Department of Biology

Missouri State University

Springfield, MO USA

Current Affiliation (DWM): Biology Department

San Diego State University

San Diego, CA USA

Despite a wide distribution throughout the Southeastern United States, research on pygmy rattlesnakes (Sistrurus miliarius) has been largely restricted to Florida populations. We studied S. miliarius in a managed forested landscape on an 809-ha state conservation area in Southwest Missouri, near their northern range limit, during 2016 and 2017. We captured 54 individuals of S. miliarius, primarily during evening road driving surveys, and retained 19 (6 males and 13 females: 9 gravid, 4 nongravid) for a radio-telemetry study. Telemetered snakes were relatively sedentary, making short, infrequent movements that resulted in small minimum convex polygon home range estimates (range: 0.01–2.6 ha). Reproductive status of females strongly affected activity with mean movement distances and home range sizes of gravid females increasing five-fold following parturition. Parturition dates ranged from August 11–25 and maternal attendance of litters for 1–3 days was observed in five post-partum females. We encountered S. miliarius in all available habitat types, suggesting that habitat selection was mainly occurring at the microhabitat scale.
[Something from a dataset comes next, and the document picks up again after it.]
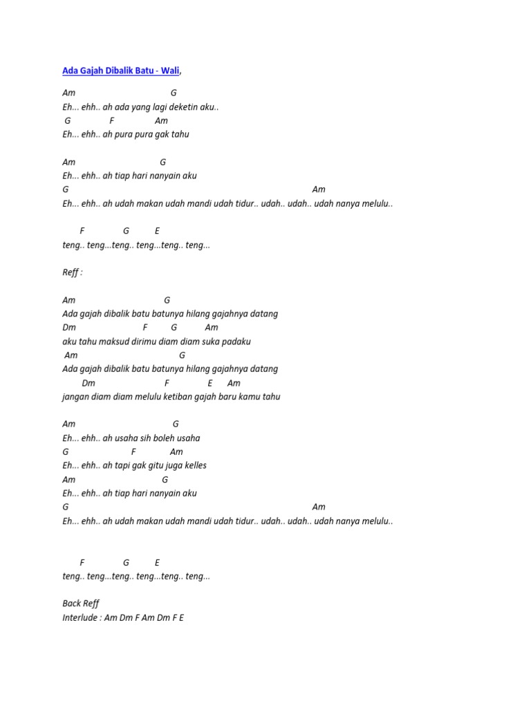 Lirik Dan Chord Gitar Wali Ada Gajah Di Balik Batu Lirik Lagu Dan Chord Gitar

Snakes were very secretive but typically concealed themselves within vegetation (89% of observations) or beneath surface cover (8.5% observations) rather than underground. Snakes selected microhabitats with more vegetative cover and woody debris, and less leaf litter, than random sites. Our S. miliarius used a variety of habitat types suggests that it is well adapted to the Ozarks landscape. We provide novel information on spatial patterns and habitat selection for the ecology of S. miliarius ecology that hopefully will stimulate comparative studies in other geographic regions.